Problem details
Below, locate the line that contains "280客位珠江夜游船总长38". Repeat exactly from that line to the line that contains "Hadapi Musim Hujan", inclusive, leaving out the pictures.

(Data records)
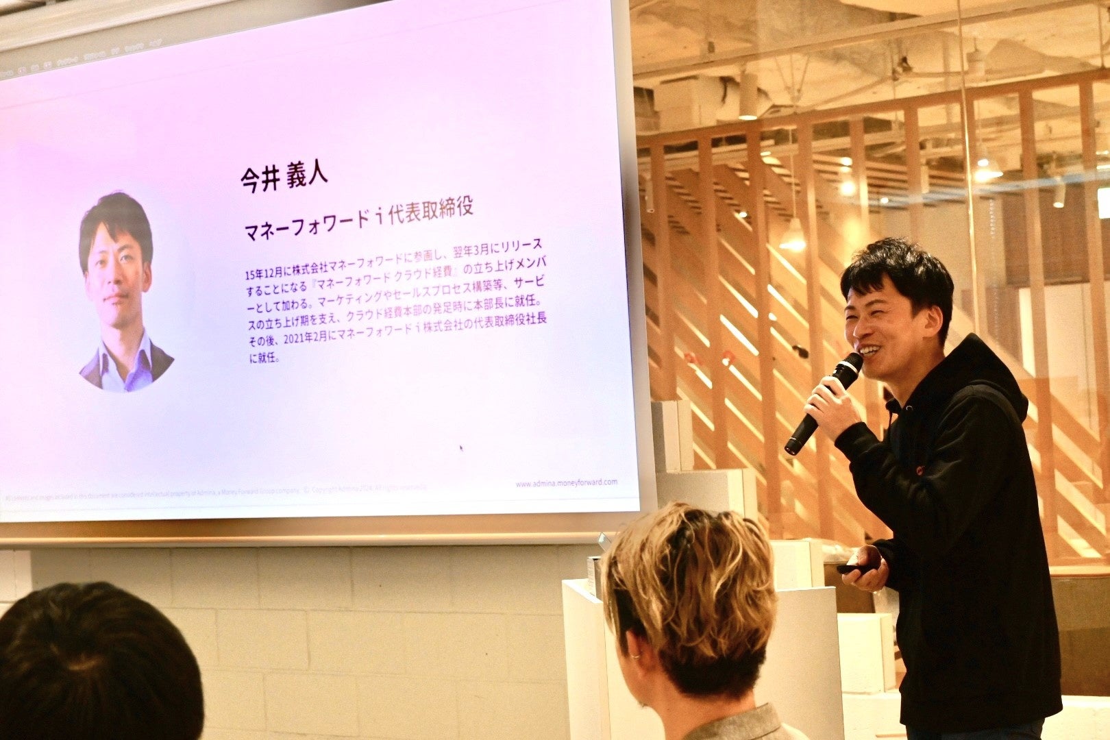 当日は13社、18名の『マネーフォワード Admina』ユーザーがマネーフォワード本社に集まりました。はじめに、代表の今井より事業の近況説明を行い、続いてCPOの村上より、2023年に提供を開始した機能や、2024年夏に開発予定の「ワークフロー機能」を紹介しました。
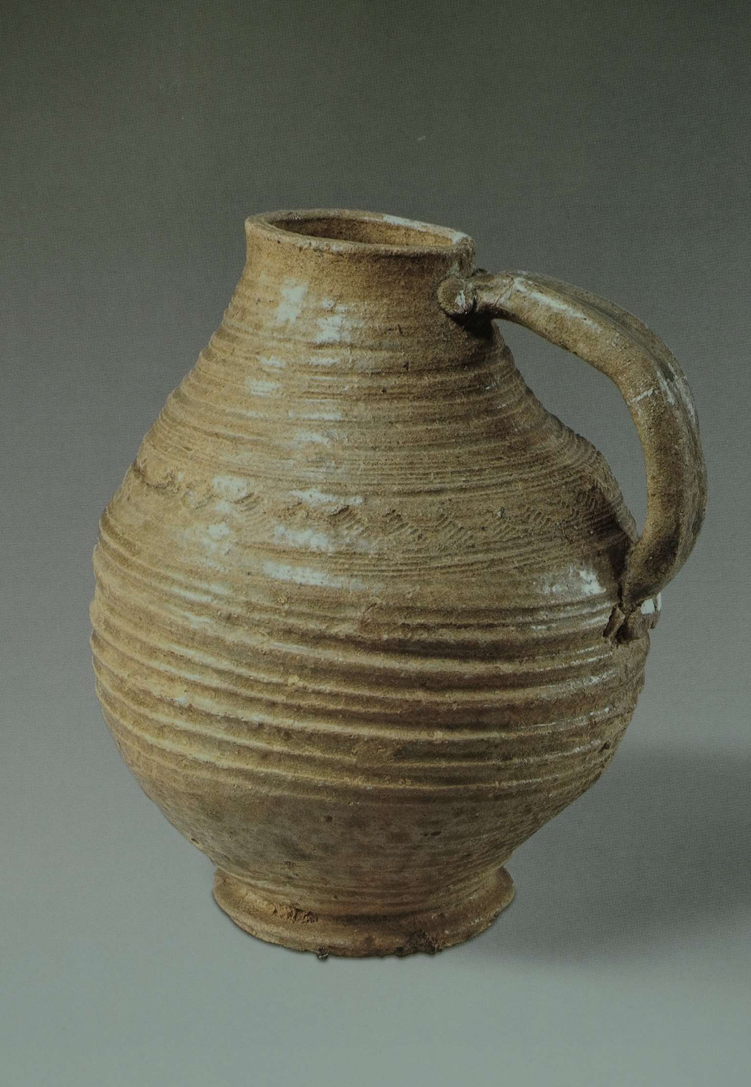 壶粗糙的表面暴露了它的质地——陶,但一个细节却动摇了这一观察。壶身表面有一层薄薄的釉,微微闪着光。这是陶与瓷之间的一个重要区别。不过,要把它称做瓷器还为时尚早,简单归于陶器又似乎亏待了它,于是被叫做原始青瓷。
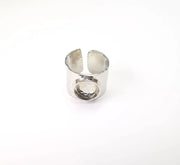 Shiny Silver Oval Ring Setting, Cabochon Blank, Resin Bezel, Ring Mounting, Epoxy Frame Base, Adjustable Rhodium Plated Brass 10mm G35652
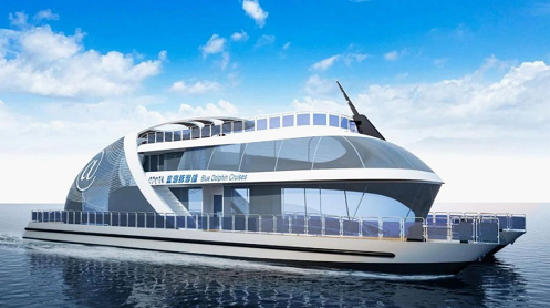 280客位珠江夜游船总长38.8m,型宽12.0m,型深3.2m,航速10.0kn,是粤港澳大湾区首艘入级商业运营新能源客船,外观设计新颖独特,纯电池动力突显低噪音、低排放、绿色环保的优势,对于推动粤港澳大湾区旅游和交通产业的绿色发展具有重要意义。
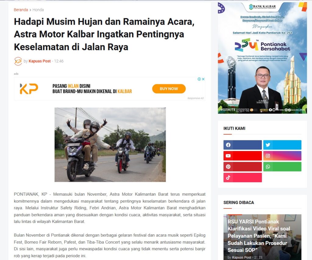 Hadapi Musim Hujan dan Ramainya Acara, Astra Motor Kalbar Ingatkan Pentingnya Keselamatan di Jalan Raya by Muhammad Arif 25 Oktober 2025 in Silahkan kunjungi https://www.kapuaspost.web.id/2025/10/hadapi-musim-hujan-dan-ramainya-acara.html. Tags: astra Astra Motor kalbar Astra Motor Pontianak astramotor honda kalbar pontianak sepeda motor You Might Like Regional Public Launching New ADV160 The SUV Pride Grand Launching New PCX 160 Truly Exceptional! Tetap hati-hati ya bro sist berkendara saat hujan.
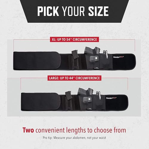 • The Large, adjustable neoprene waistband on our bellyband holster for men and women fits up to a 44" belly while the XL fits up to a 54" belly
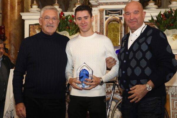 S. Lucia alla Castellina,24 novembre – Il Premio “Coraggio e Avanti” organizzato dal Gruppo Amici del Ciclismo presieduto da Luca Limberti, ha festeggiato il ventennale presso la sua sede, quella del convento dei Padri Carmelitani, conosciuto come Centro Spirituale del Ciclismo e che ospita anche il Museo Filotex sulla collina di S.Lucia alla Castellina. La celebrazione della Santa Messa ha aperto il programma, quindi in chiesa la festosa premiazione a campioni del passato, del presente e quella a future speranze. Il premio “Coraggio e Avanti” a Antonio Tiberi: “Sono contento della stagione 2024 con il quinto posto al Giro d’Italia e il primo posto nella classifica dei giovani. L’anno prossimo cercherò di migliorare il mio rendimento, preparandomi bene per la corsa rosa e far bene. Sarà una stagione importante quella del prossimo anno”.
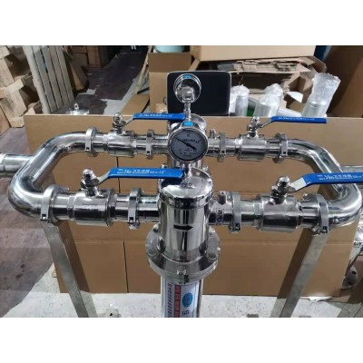 除菌过滤器一般采用十字悬挂式,水平进出。多芯过滤器可设计成落地式。有些使用场合根据实际需要分成预过滤器、精过滤器两种。进入过滤器的压缩空气必须先经过至少三级的精密过滤器及干燥机。除油、除水、除尘,油雾浓度应≤0.01PPM,否则将影响除菌滤芯的寿命,达不到预期的除菌效果。作为罐体、设备的呼吸器使用时,其作用主要在于连通大气防止设备内部负压和隔离开空气中的污染源,过滤方面的功能不大,因此在过滤上基本无要求。根据实际使用情况每周或每月1~2次,每次30分钟,采用经过1μ过滤精度的洁净饱和蒸汽杀菌。蒸汽温度<140℃,蒸汽压力<0.3MPa。阀门缓慢开关。
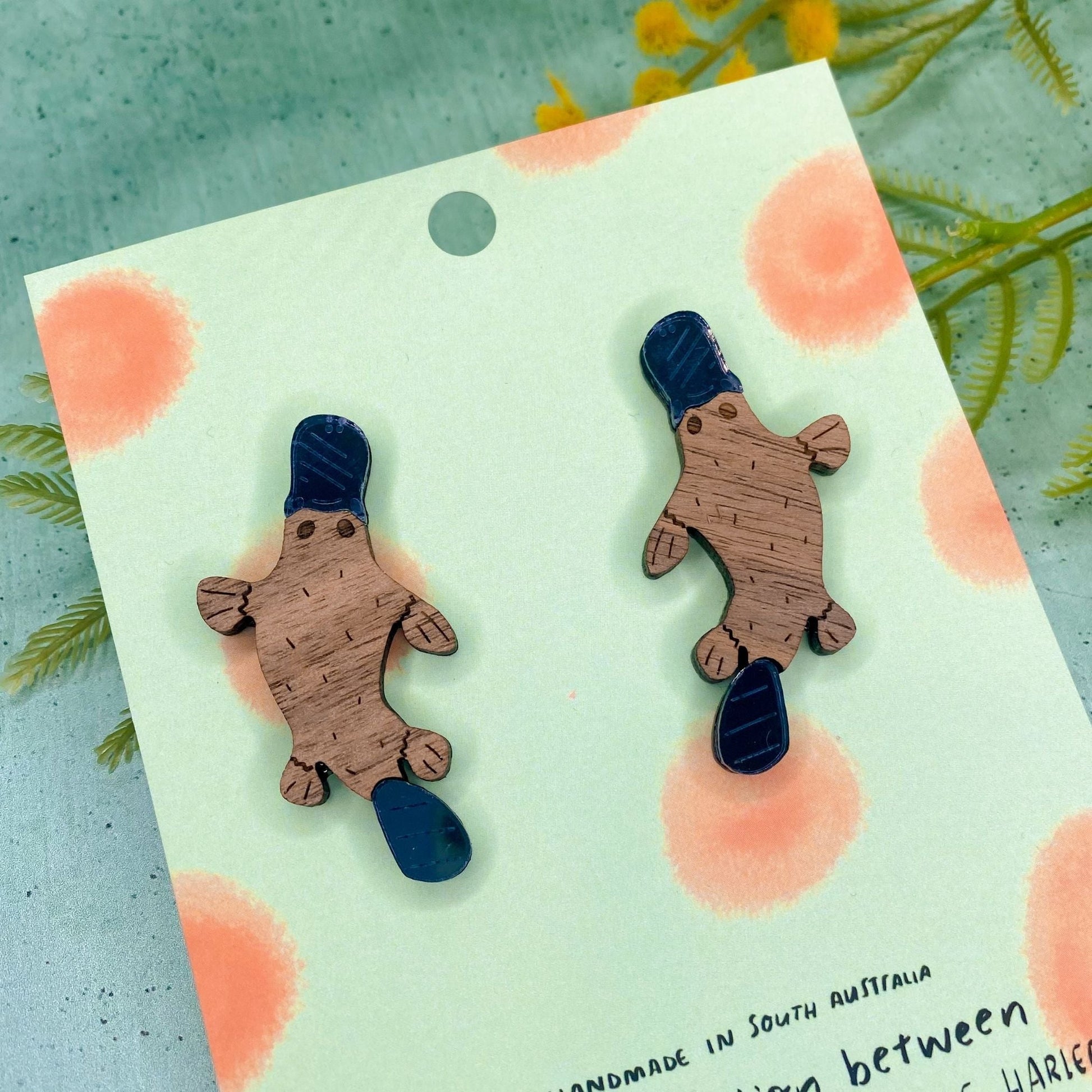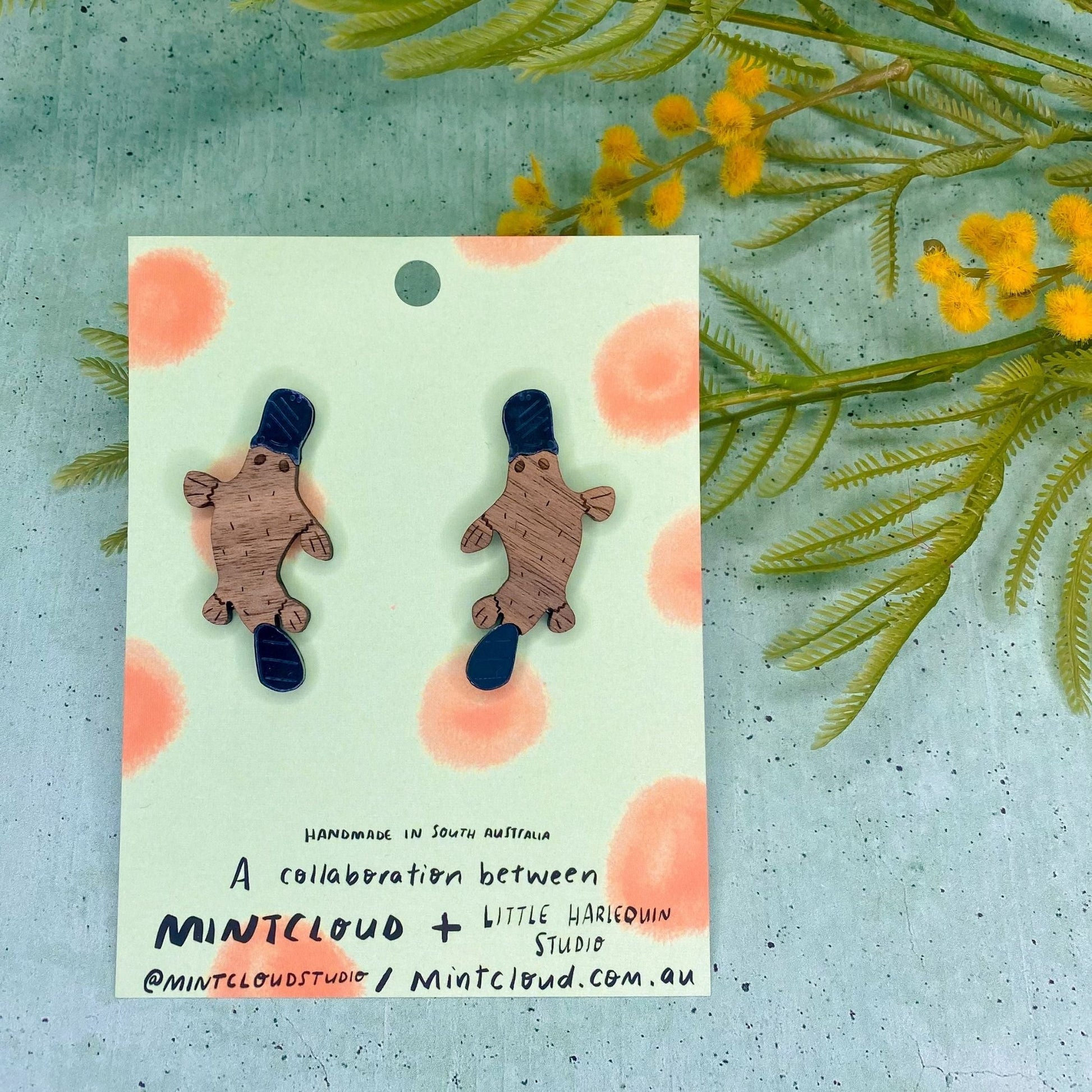 A collaboration between two South Australian artists Mintcloud and Little Harlequin Studio celebrating iconic Australian flora and fauna. Fun and quirky. Lasercut in these lovely bright colours these shine at every angle, these pieces will compliment your lobes and your outfit.
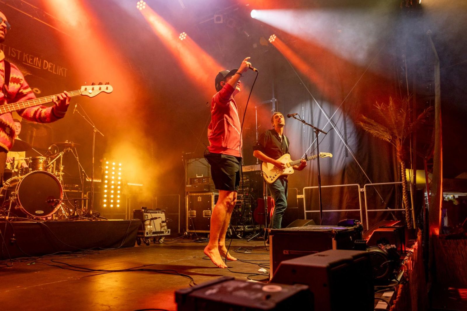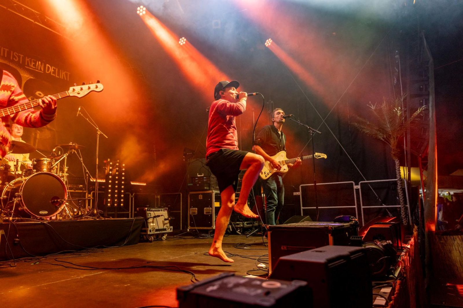 LIEDFETT, hier in ihrer Formation The Sensitives, sorgten zum Abschluss für pure Punkenergie. Lucas Uecker betrat barfuß die Bühne und demonstrierte zwischendurch seine beeindruckende Sprungkraft – das Publikum tobte, sang mit und ließ den Abend in ausgelassener Stimmung ausklingen.
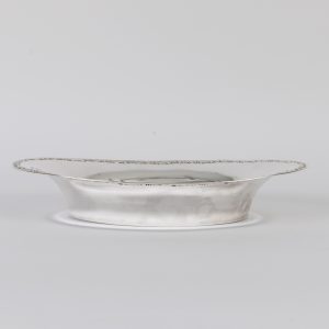 800/- silver; weight: approx. 310 g; silver dish in oval form with wide, strongly curved wall and surrounding embossed floral and ornamental decoration on the rim; underside stamped with crescent moon and crown, fineness mark and worn maker’s mark; age-related signs of wear; dimensions: approx. 6.2 × 32.5 × 20 cm.

Solution to this task
 280客位珠江夜游船总长38.8m,型宽12.0m,型深3.2m,航速10.0kn,是粤港澳大湾区首艘入级商业运营新能源客船,外观设计新颖独特,纯电池动力突显低噪音、低排放、绿色环保的优势,对于推动粤港澳大湾区旅游和交通产业的绿色发展具有重要意义。
 Hadapi Musim Hujan dan Ramainya Acara, Astra Motor Kalbar Ingatkan Pentingnya Keselamatan di Jalan Raya by Muhammad Arif 25 Oktober 2025 in Silahkan kunjungi https://www.kapuaspost.web.id/2025/10/hadapi-musim-hujan-dan-ramainya-acara.html. Tags: astra Astra Motor kalbar Astra Motor Pontianak astramotor honda kalbar pontianak sepeda motor You Might Like Regional Public Launching New ADV160 The SUV Pride Grand Launching New PCX 160 Truly Exceptional! Tetap hati-hati ya bro sist berkendara saat hujan.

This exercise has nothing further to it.